On May 21, 2005, at 6:45 AM, Gerhard Killesreiter wrote:

On Drupal.org there is a small hint about using wget for this.


This is from my upgrade tutorial.  http://dev.bryght.com/t/wiki/CivicSpaceUpgrade
I added info about crawling with three types of account, setting images if that module is enabled.  I also advised to check web server logs not only watchdog logs.

Cheers,
Kieran

2.5 Run a link check on the site.

We now want to crawl your site, to get a list of dead links. This is a simple command that will help you identify broken parts of your site. You will see errors in you Administrator logs as well as your web server error logs. Perform these next commands through the administrator menu on your site.

Enable image admin module Set permissions so images can be written for userid running link check. Enable the menu module, and then disable the logout menu.
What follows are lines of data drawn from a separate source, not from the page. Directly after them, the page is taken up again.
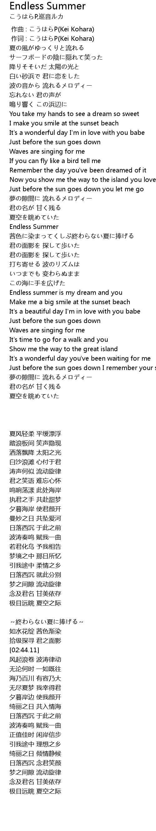 | [02:12.15] | Endless Summer |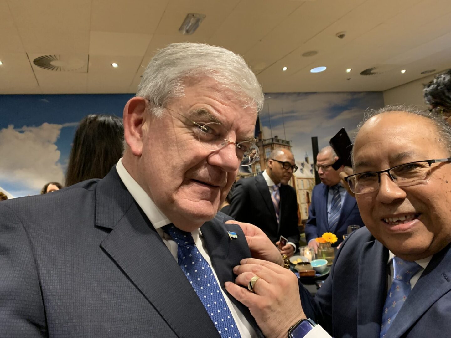 Kan ’s avonds nog wel even naar een ontvangst ter gelegenheid van de Nationale dag van Aruba: Dia di Himno y Bandera (Dag van het Volkslied en de Vlag). Groet staatssecretaris Alexandra van Huffelen en ambtgenoot Leontien Kompier (Venraij). Maak onder anderen kennis met Alwin Toppenberg en met de plv. gevolmachtigd minister van Sint Maarten, Richard Panneflek. Gevolmachtigde minister Ady Thijsen is een vriendelijke gastheer. Hij speldt mij persoonlijk zijn Arubaanse speldje op. En natuurlijk is er swingende muziek in het Babylonhotel aan de Bezuidenhoutseweg. Masha Danki.
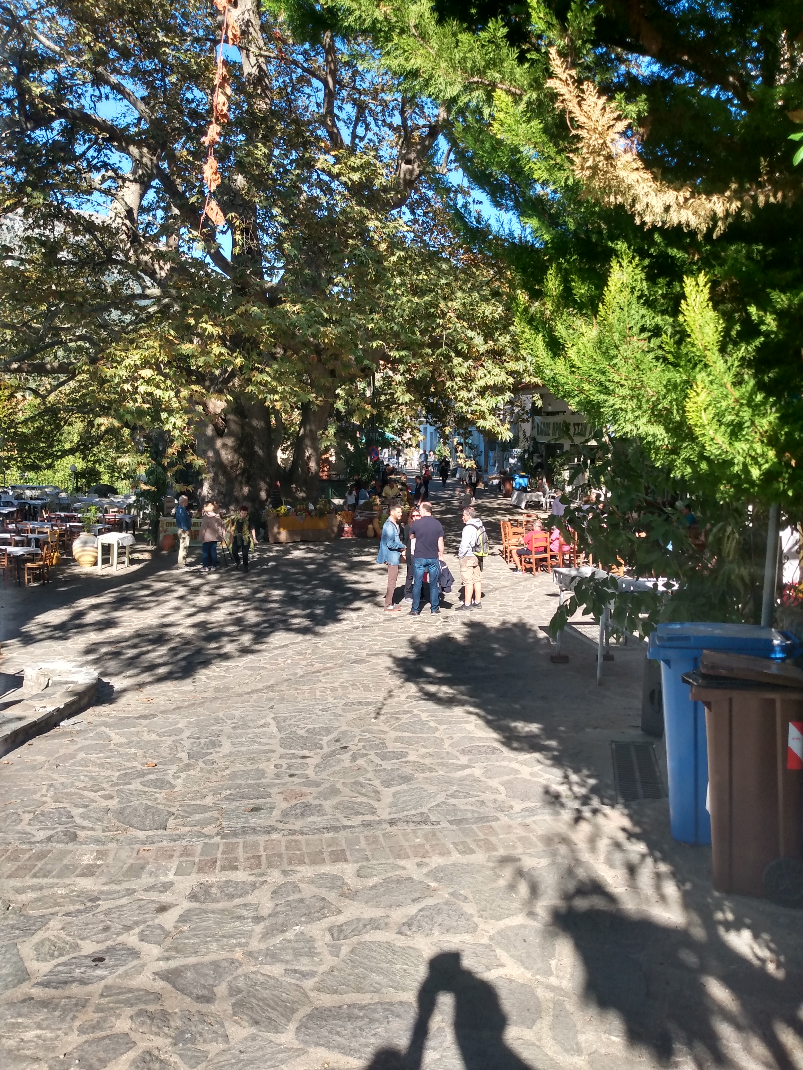 In het laatste weekend van oktober wordt het jaarlijkse kastanjefeest in Arna (een dorpje in de bergen, ongeveer 30 minuten bij ons vandaan) gehouden. De ontvangst is met een gratis glaasje tsipouro (griekse jenever) en gepofte kastanjes. Dit jaar zijn we weer eens gegaan, mede door het mooie weer. Er zijn allerlei stalletjes die kastanjes, appeltjes, tsipouro, gedroogde vijgen, etc. verkopen. Ook zijn er een paar winkeltjes die dan sieraden en kleine kunstwerkjes verkopen. Een gezellige sfeer en goed georganiseerd (bijvoorbeeld een parkeerplaats buiten het dorp met een gratis pendelbus).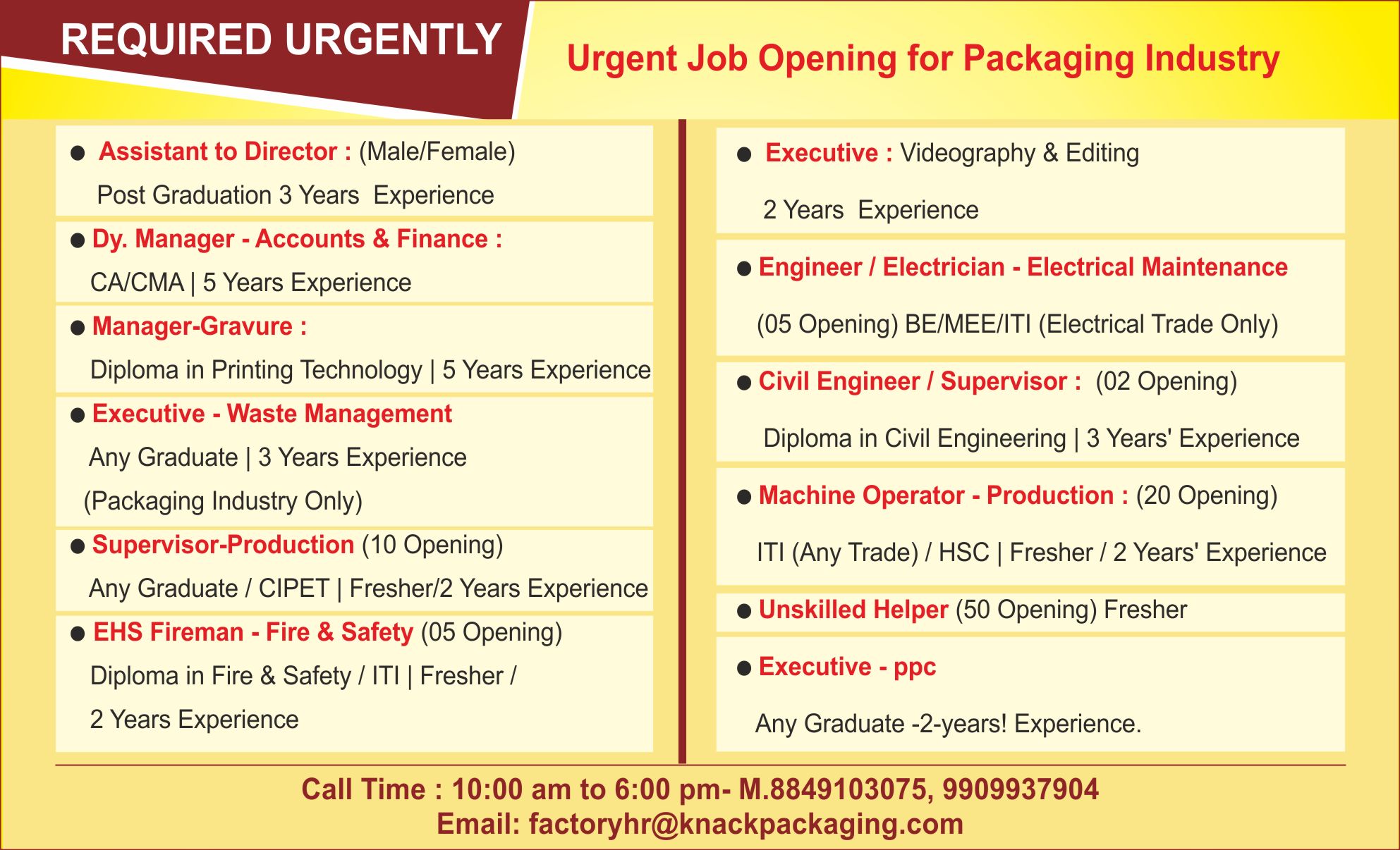 Contact No. : 9512554477
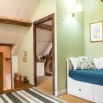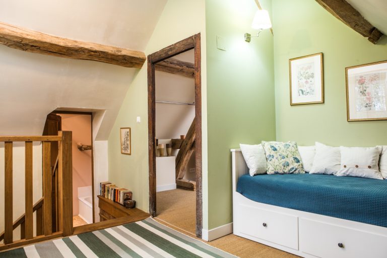 Upstairs, exposed oak beams throughout the bedroom and mezzanine sofa bed. Plus bathroom with bath and shower.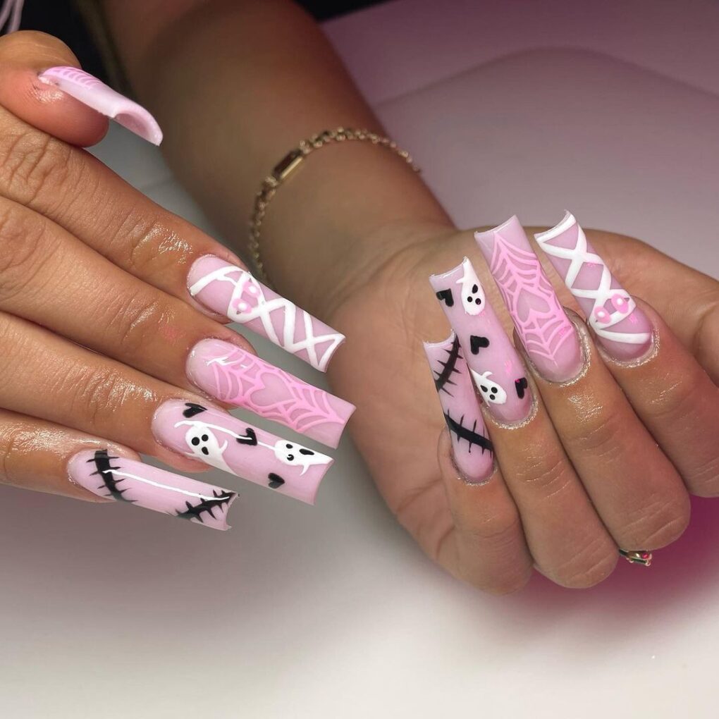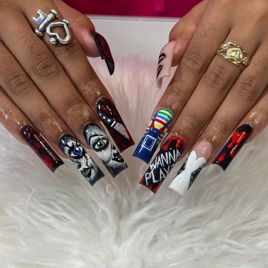 Unleash your inner villain with a playful twist: This spooky nail design combines the essence of Halloween with feminine charm, allowing you to slay the day with intriguing and enchanting style.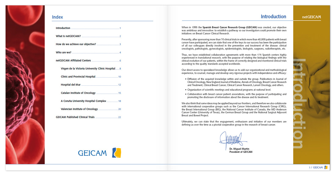 Brochure for GEICAM (Spanish Breast Cancer Research Group)

Run wget with the following options.

The cookie this command is referring to is the cookie downloaded from your browser when you last logged into your CivicSpace site as an admin.

NOTE: You can see the full and original wget instructions here: http://drupal.org/node/11521

wget -r --delete-after --cookies=off --header='Cookie: PHPSESSID=xxx' http://yoursite.com

-r to recursively crawl the site. --delete-after, --cookies=off tells the crawler not to use a cookie. --header=’Cookie: PHPSESSID=XXXX’ tells the site that session information will be passed in the http header. This should be repeated 2 more times; once for a regular userid, and once for an anonymous userid. After the link check is done check your admin logs and your webserver error logs.